The paper’s conclusion — that a $240 billion secondary market demands more disciplined engagement with observable transaction data, supported by clear documentation and professional judgment — is also a description of the services Houlihan Lokey sells. That does not make the argument wrong. But it is the kind of conflict that Secondary Scoop readers are entitled to weigh when evaluating the paper’s recommendations.
For what it is worth, the technical analysis in the paper is sound. The distinction between LP interest valuation and asset-level NAV is real and consistently underappreciated in market commentary. The point about transaction volume crossing a threshold where it can no longer be routinely dismissed is well-supported. And the refusal to propose a mechanical discount adjustment is intellectually honest in a way that self-serving research often is not.

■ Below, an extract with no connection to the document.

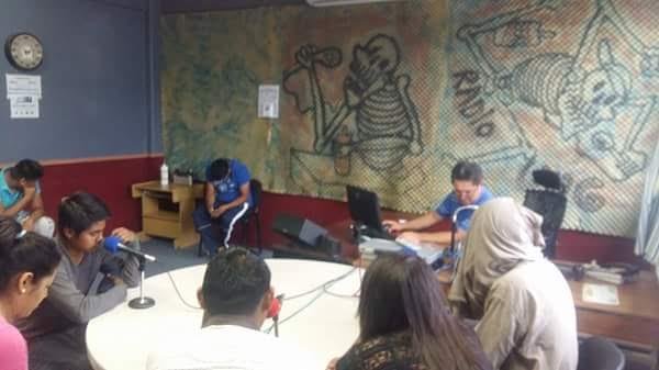 “Queremos hacer de su conocimiento a todo el público en general que ya están desplegadas nuestras convocatorias para todos los jóvenes que están en preparatoria o quieran estudiar para docentes, para que vayan a visitar nuestra escuela y vean en internet cuales son las bases para participar en el proceso de selección y puedan estudiar para profesores en nuestra gloriosa escuela”, dijo uno de los normalistas en la cabina de Capital Máxima, ubicada en el Andador Zapata, en la colonia centro de la capital.
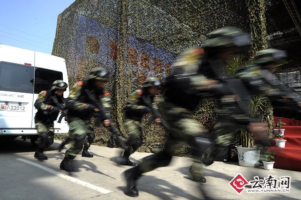 ????云南網(wǎng)訊(記者 楊之輝 通訊員 郝亞鑫 陳世亮)近日,武警云南總隊(duì)基層建設(shè)會(huì)議在昆明召開,會(huì)議期間,總隊(duì)組織全體與會(huì)代表參觀了曲靖支隊(duì)某中隊(duì)縣(市區(qū))反恐分隊(duì)?wèi)?yīng)急科目演示。

What This Means for the Market
The paper does not propose a change to existing accounting standards. It is not calling out any specific GP for inflated NAVs. What it is doing is making the case that the analytical framework for thinking about fair value in the secondary market needs to catch up to what the market has become.
For LPs buying secondary interests, this reinforces the value of understanding not just the reported NAV but the process quality and competitive dynamics behind any given transaction price. For GPs managing funds with active secondary market activity around their LP interests, it raises the question of whether current valuation processes adequately engage with that observable market evidence. And for the broader industry, it is another data point in an ongoing drift toward greater scrutiny of private market valuations — a trend that regulators, including the SEC Division of Examinations, are actively contributing to.
The secondary market grew up. The valuation frameworks used to assess it are still catching up.